=== Section Start ===

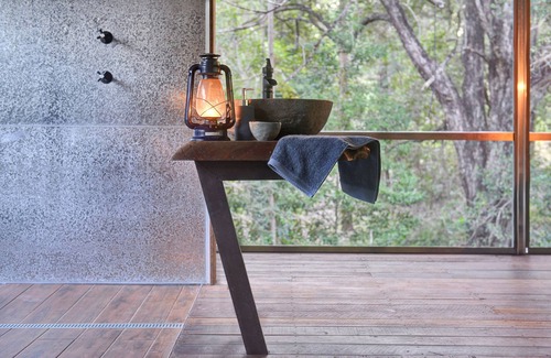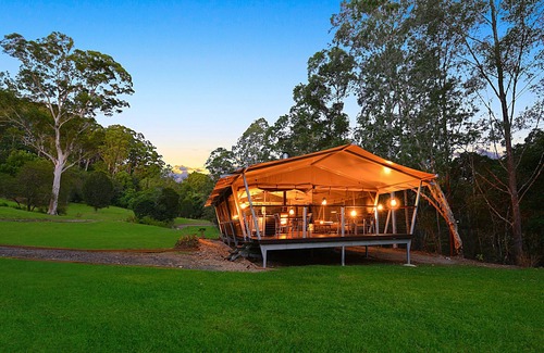 Sitting gently beside the tumbling waters of Petrie Creek, and touching the earth lightly… Starry Nights Luxury Camping is surrounded by wilderness with fresh, clean air. Starry Nights is nestled in the tranquil forests of the Sunshine Coast Hinterland and just over: 10 minutes to Montville and 20 minutes to Mooloolaba Beach. Each of our 75 sqm bespoke tents are set on the hillside with old recycled barn floorboards, hand carved stone basins and a cozy roaring wood fire. Each safari tent also has king sized beds with organic linen, flushing toilets and a hot steaming bath and shower. The beautiful guest lounge is a hub of laughter and new friendships. Your owners and hosts and allow only 2 bookings/groups at any one time ensuring your total privacy and a relaxing and peaceful retreat.
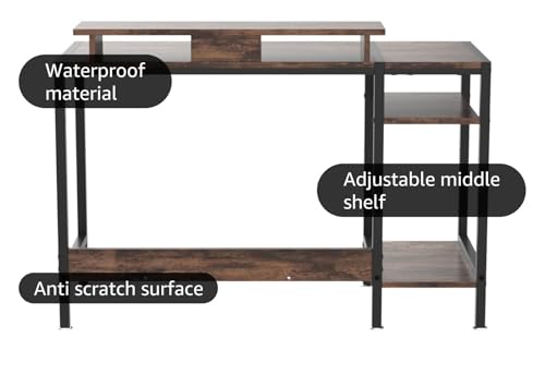 GZSHIYITECH 47”Gaming Desk/Computer Desk,Home Office Desk with Monitor Stand Writing Desk for 2 Monitors Desk Adjustable Storage Space Firm and Practical Small Desk,Modern Design Corner Desk(Black
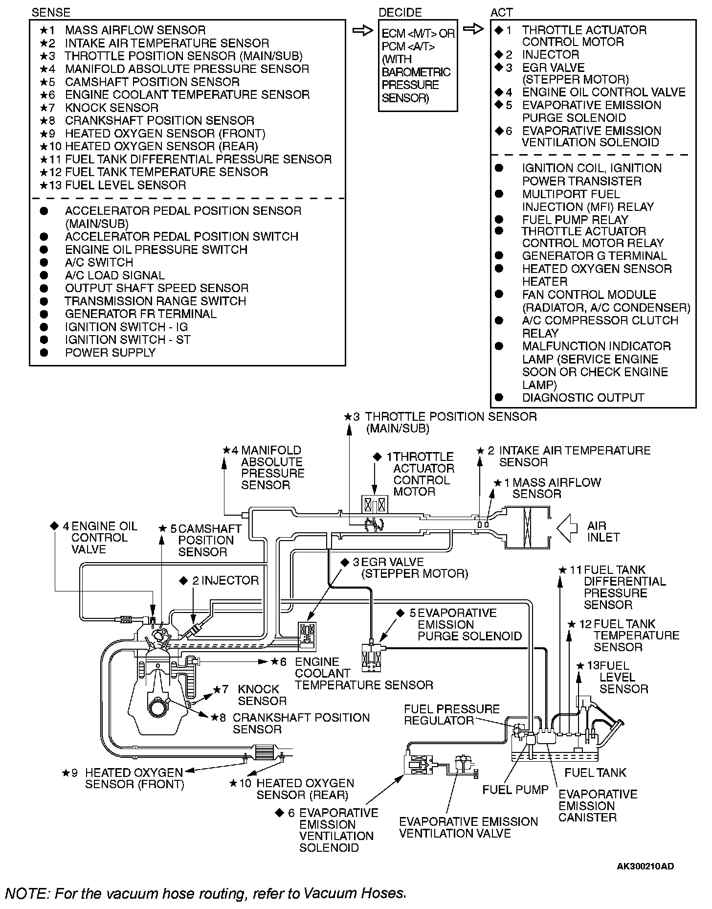 The Multiport Fuel Injection System consists of sensors, actuators and the engine control module (ECM)

=== Section End ===

Locate "Design Corner Desk(Black" in the listing above, then print exactly the lines from that line through the final one, omitting all pictures.

#### [ANSWER TO THIS PROBLEM]
 GZSHIYITECH 47”Gaming Desk/Computer Desk,Home Office Desk with Monitor Stand Writing Desk for 2 Monitors Desk Adjustable Storage Space Firm and Practical Small Desk,Modern Design Corner Desk(Black
 The Multiport Fuel Injection System consists of sensors, actuators and the engine control module (ECM)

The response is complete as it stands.